OCRing Old Math: Do It Faster with olmOCR

Anyone working on translations and old math and science works will be familiar with spending hours typing up old documents, even if they're in readable scans that OCR should, in principle, be able to handle. The problem is of course the math and tables. Typing up the equations in LaTeX is a major hurdle, even if you use a snippets-based approach like Gilles Castille. I personally use Obsidian as a note-taking app, and the LaTeX Suite plugin, with some minor tweaks to the shortcuts, and I'm quite fast at this point. But seeing a dense page of multi-line equations (e.g. by Gauss) still makes me tense up a bit. Transcribing one page is no trouble, but 60 pages turns into a multi-week endeavor, and I'm limited by an issue with my ulnar nerves that makes typing for longer than 30 minutes quite painful. Needless to say, transcribing is a burden that I would very much like to lessen. 

Now I think I've cracked it, thanks to olmOCR. I tried it out on their web demo, and it seemed to handle the documents I fed it quite well. Proof-reading is obviously necessary, things are missed, but it is by far the most accurate OCR tool I've used, and it outputs to my preferred format, Markdown! But to make real use out of it, I'd have to leverage somebody else's hardware, because I don't have a fancy GPU or fast computer. Here's how I did it. 

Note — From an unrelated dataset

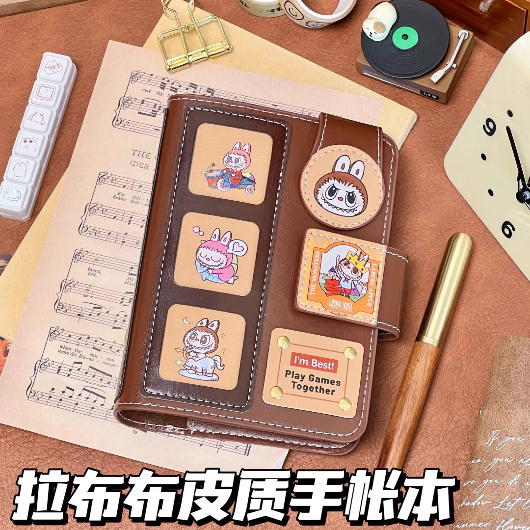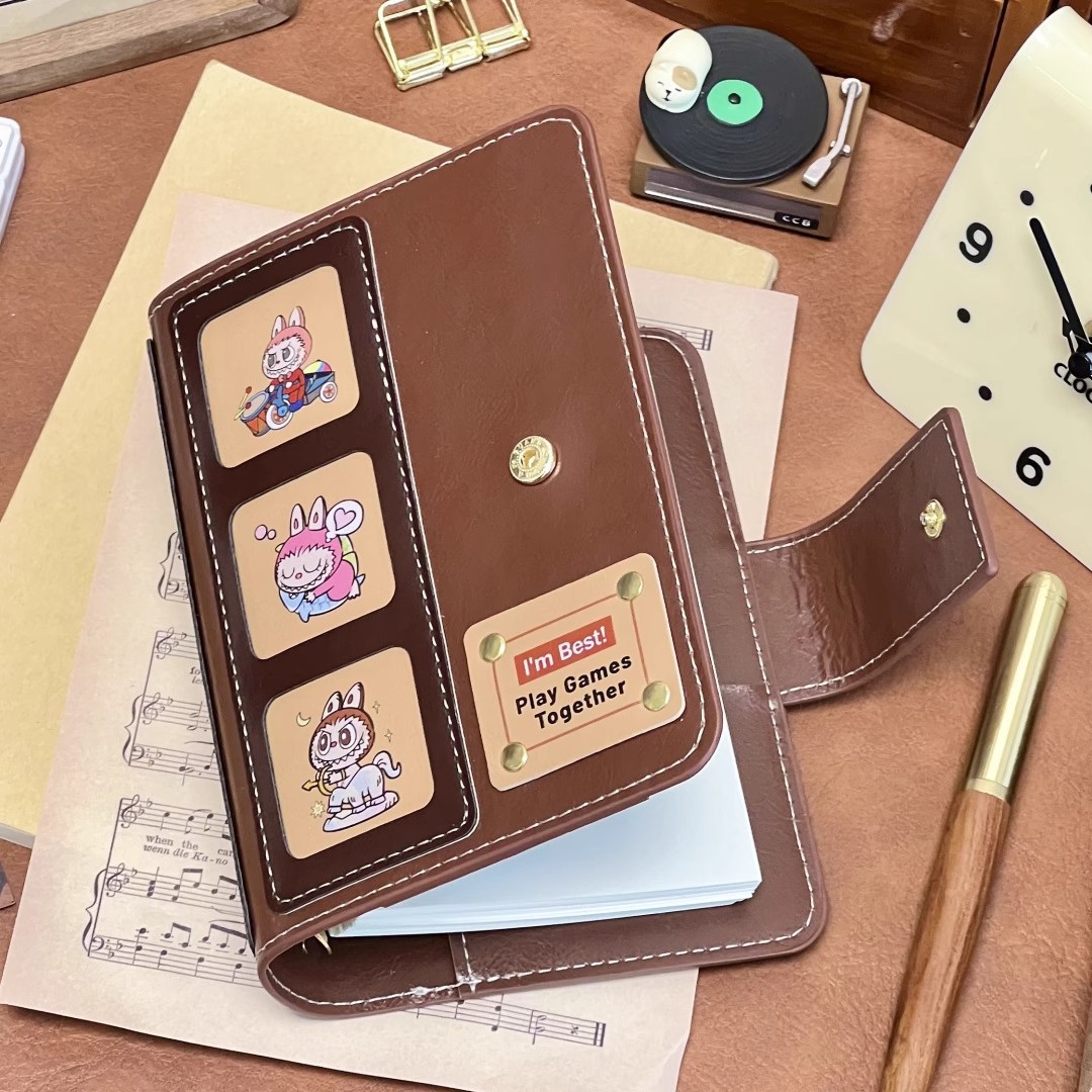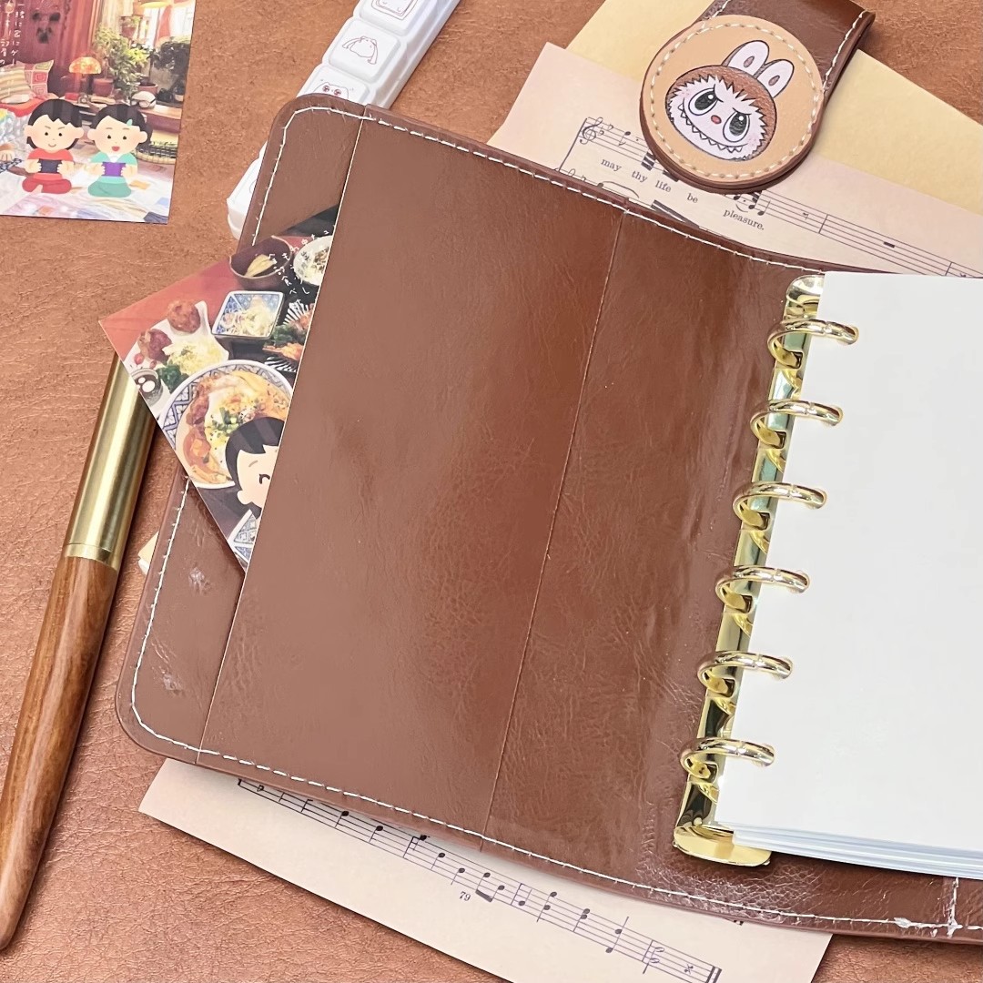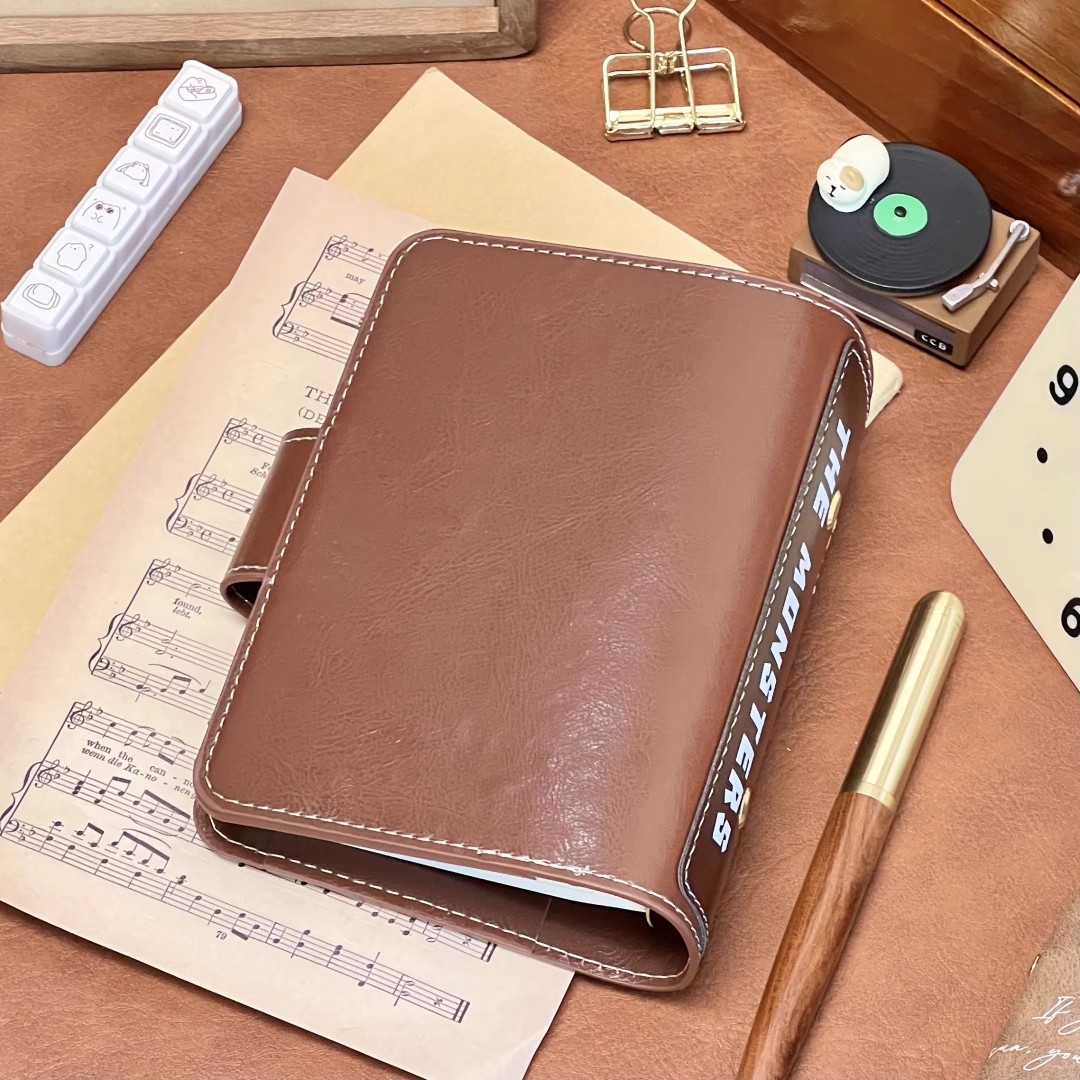 星星人M6复古棕色皮质手账本ins风活页笔记本学生日记本记事本子

How to Set Up olmOCR with DeepInfra

The README for olmOCR says:

Requirements:
  • Recent NVIDIA GPU (tested on RTX 4090, L40S, A100, H100) with at least 12 GB of GPU RAM
  • 30GB of free disk space
You will need to install poppler-utils and additional fonts for rendering PDF images.

As I mentioned, this is a non-starter for me. But they also mention that you can use an inference provider to run it remotely. That sounded like the right choice for me. Now, this comes with a lot of new terminology. What exactly is going on?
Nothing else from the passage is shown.